__Your assignment__. Only the text of the entries below should be returned, exactly as given, without pictures.

__Dataset extract__.
--
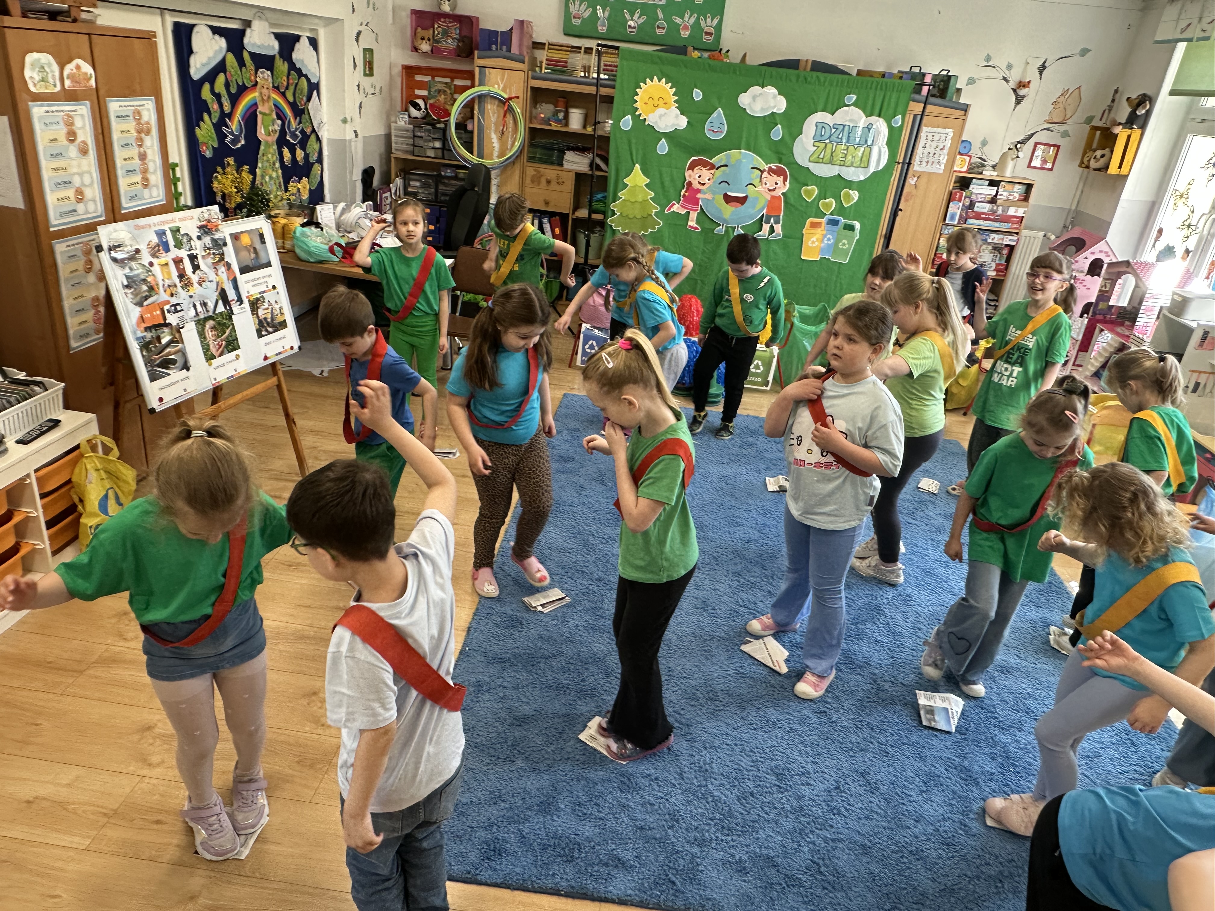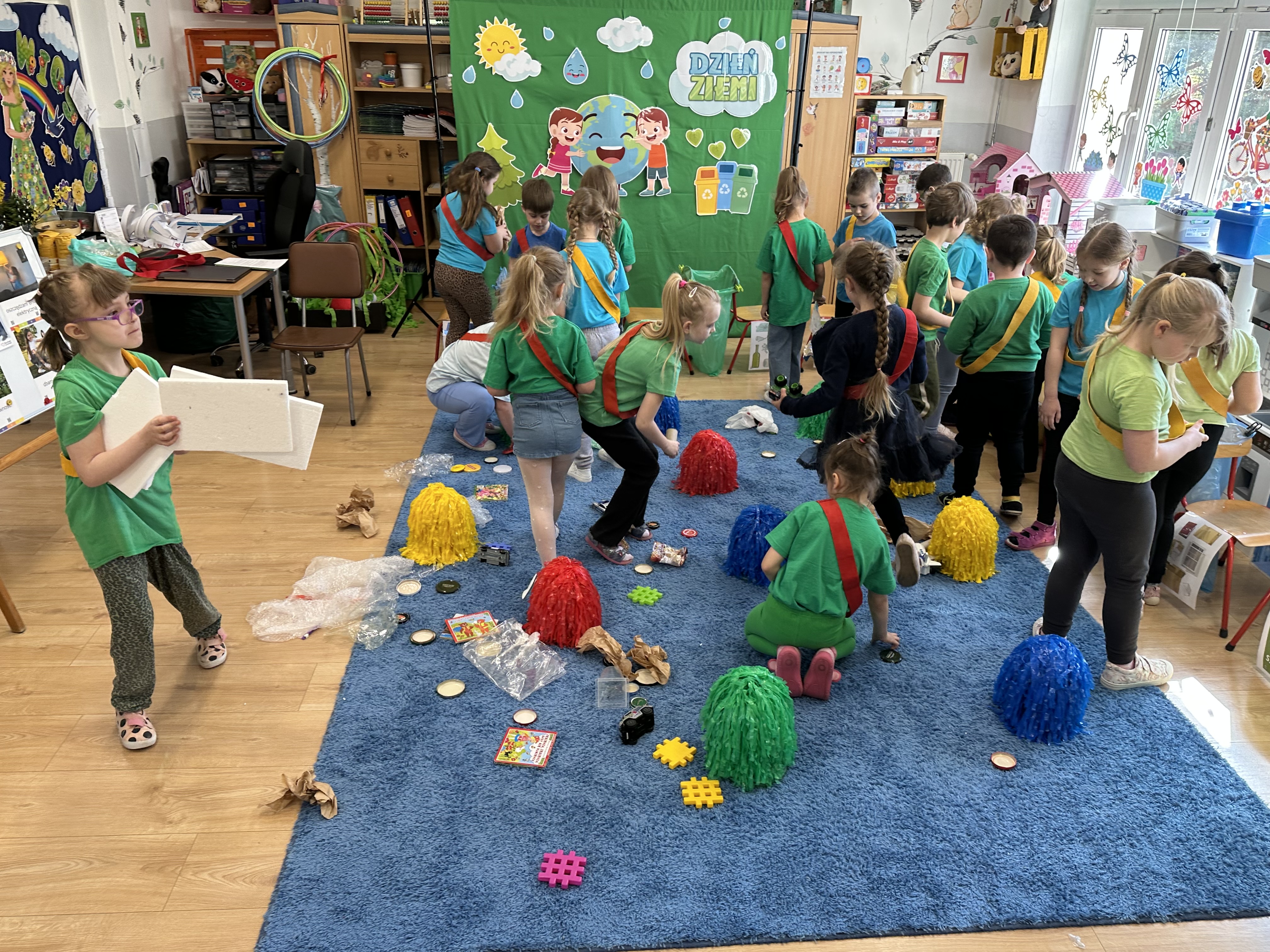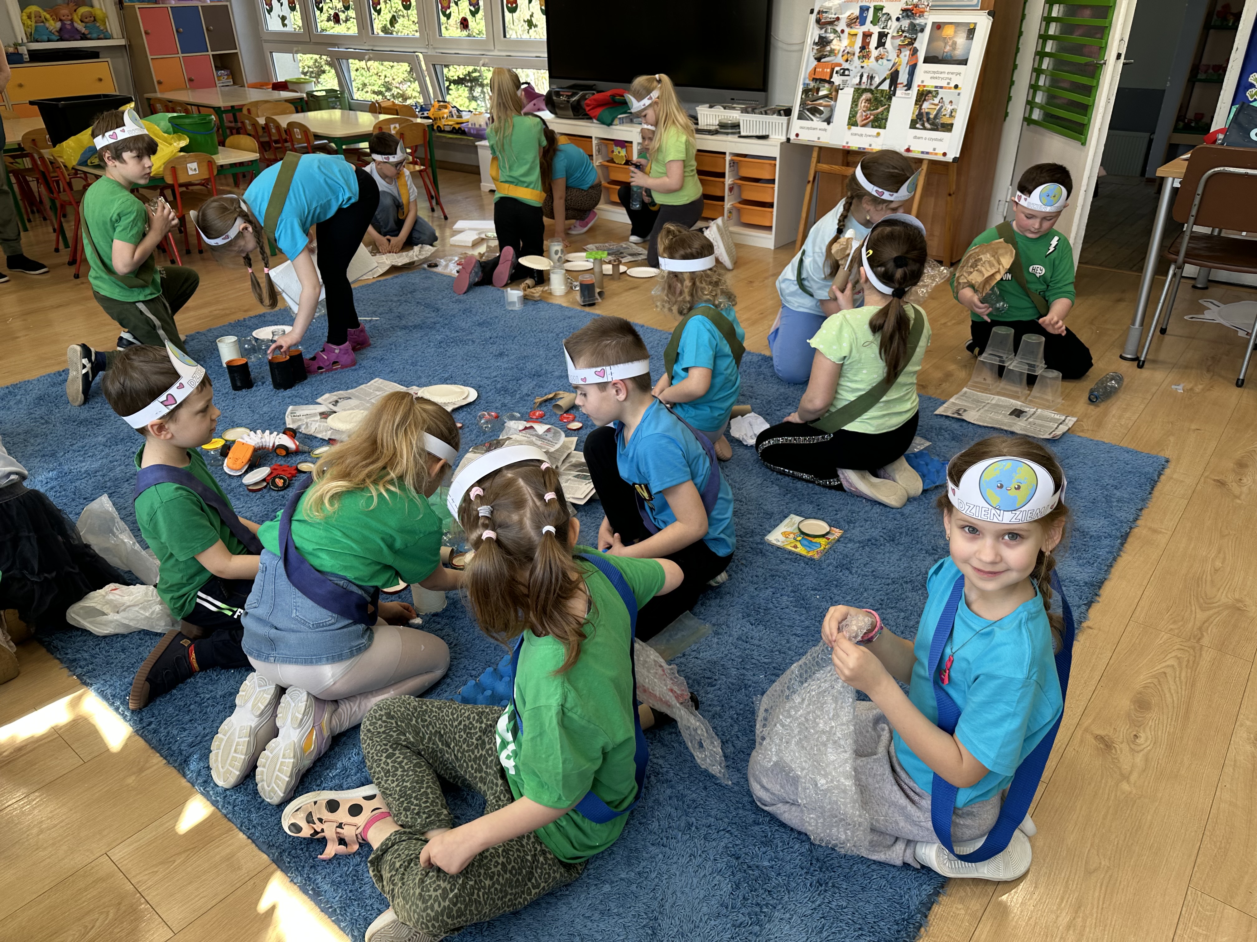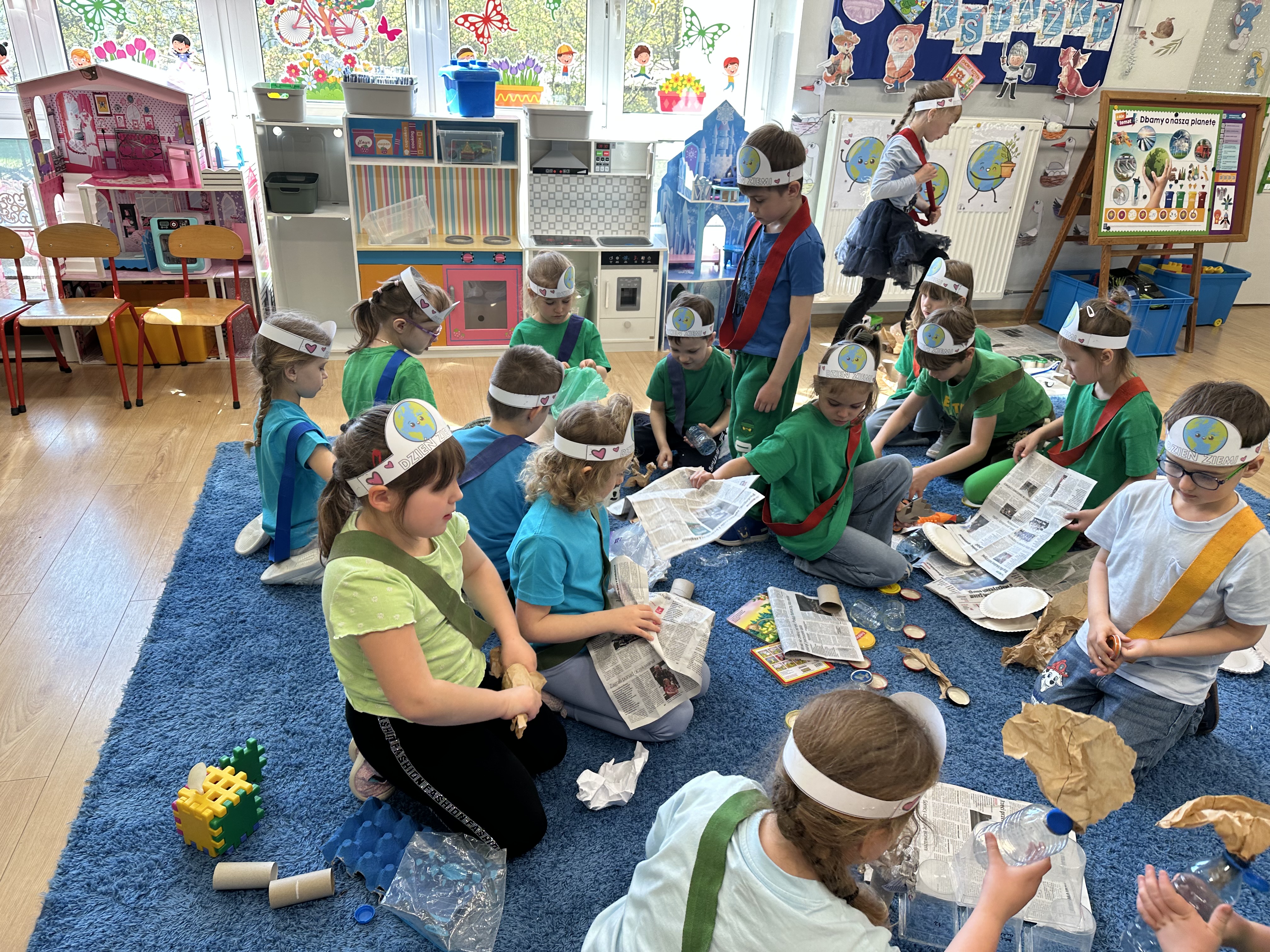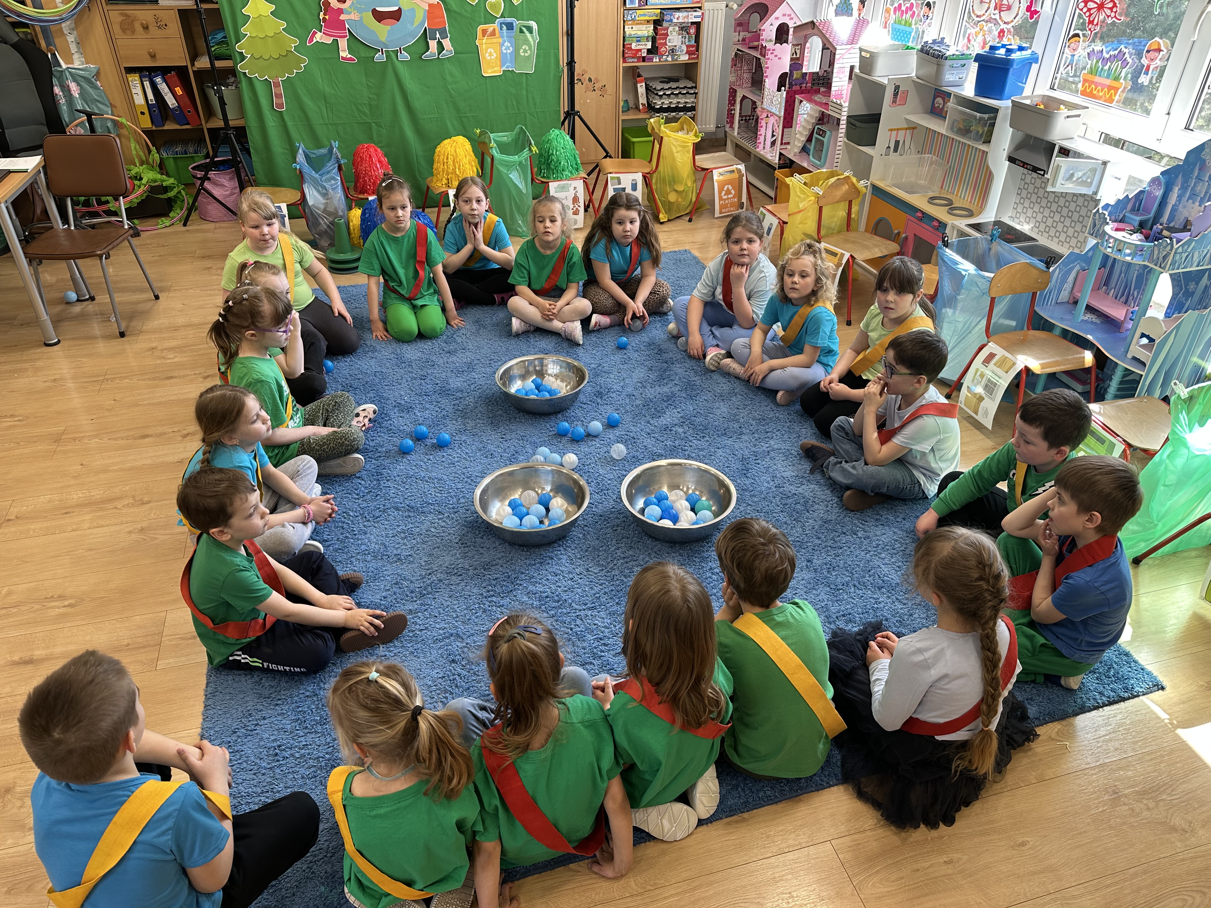 Kolejnym etapem było zadanie związane z ochroną mórz i oceanów. Dzieci „ratowały morze”, wyławiając z niebieskiego dywanu (symbolizującego wodę) różnego rodzaju odpady. Następnie uczyły się ich prawidłowej segregacji, co było doskonałą okazją do utrwalenia zasad dbania o środowisko.
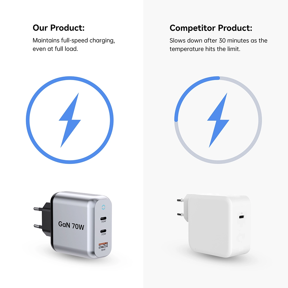Starwell Lutter 70w PD-ді жылдамдық планшеті үшін жылдам зарядтағышқа арналған QuartPop зарядтағыш, сонымен қатар 70 Вт-ді шақырды, 2C1A, ұялы телефондар мен планшеттік құрылғыларды жылдам зарядтау қажеттілігін қанағаттандыру. Жетілдірілген галлий нитридінің технологиясымен, орташа мөлшері, күшті. Бір портта қолданған кезде USB-C1 интерфейсінің максималды шығу қуаты - 70 Вт. Екі порттар бір-бірімен бірге қолданылған кезде, USB-C1 әлі де 45w PD-ді жылдам зарядтауды қолдайды. Әр түрлі құрылғылармен кең үйлесімділікті қамтамасыз ету
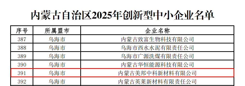 近日,内蒙古美邦中科新材料有限公司凭借在技术研发、成果转化及创新管理等方面的优异表现,成功获评“创新型中小企业”。此次评选由内蒙古自治区工业和信息化厅组织,旨在遴选在行业内具有突出创新能力、对产业升级起到推动作用的企业。
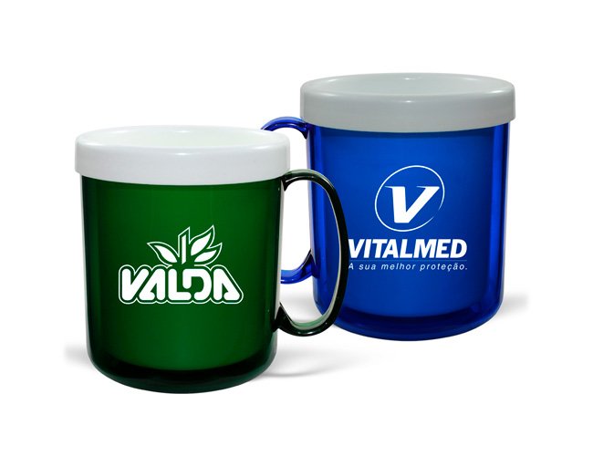 Caneca térmica com 300 ml de capacidade. Fabricada em PS. Livre de BPA. Cores cristal: azul, verde, vermelho e lilás.
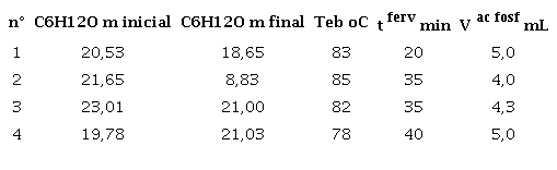 Na Tabela 1 pode-se conferir a massa de ciclohexanol usada inicialmente e remanescente ao final do experimento. O tempo de experimento (tferv ) em min, a temperatura de ebulição média (Teb ) em que se deu a reação e o volume de ácido fosfórico usado (Vac fosf ). A massa de destilado que continha o ciclohexeno foi calculada por diferença.
--
__Answer box__.
 Kolejnym etapem było zadanie związane z ochroną mórz i oceanów. Dzieci „ratowały morze”, wyławiając z niebieskiego dywanu (symbolizującego wodę) różnego rodzaju odpady. Następnie uczyły się ich prawidłowej segregacji, co było doskonałą okazją do utrwalenia zasad dbania o środowisko.
Starwell Lutter 70w PD-ді жылдамдық планшеті үшін жылдам зарядтағышқа арналған QuartPop зарядтағыш, сонымен қатар 70 Вт-ді шақырды, 2C1A, ұялы телефондар мен планшеттік құрылғыларды жылдам зарядтау қажеттілігін қанағаттандыру. Жетілдірілген галлий нитридінің технологиясымен, орташа мөлшері, күшті. Бір портта қолданған кезде USB-C1 интерфейсінің максималды шығу қуаты - 70 Вт. Екі порттар бір-бірімен бірге қолданылған кезде, USB-C1 әлі де 45w PD-ді жылдам зарядтауды қолдайды. Әр түрлі құрылғылармен кең үйлесімділікті қамтамасыз ету
 近日,内蒙古美邦中科新材料有限公司凭借在技术研发、成果转化及创新管理等方面的优异表现,成功获评“创新型中小企业”。此次评选由内蒙古自治区工业和信息化厅组织,旨在遴选在行业内具有突出创新能力、对产业升级起到推动作用的企业。
 Caneca térmica com 300 ml de capacidade. Fabricada em PS. Livre de BPA. Cores cristal: azul, verde, vermelho e lilás.
 Na Tabela 1 pode-se conferir a massa de ciclohexanol usada inicialmente e remanescente ao final do experimento. O tempo de experimento (tferv ) em min, a temperatura de ebulição média (Teb ) em que se deu a reação e o volume de ácido fosfórico usado (Vac fosf ). A massa de destilado que continha o ciclohexeno foi calculada por diferença.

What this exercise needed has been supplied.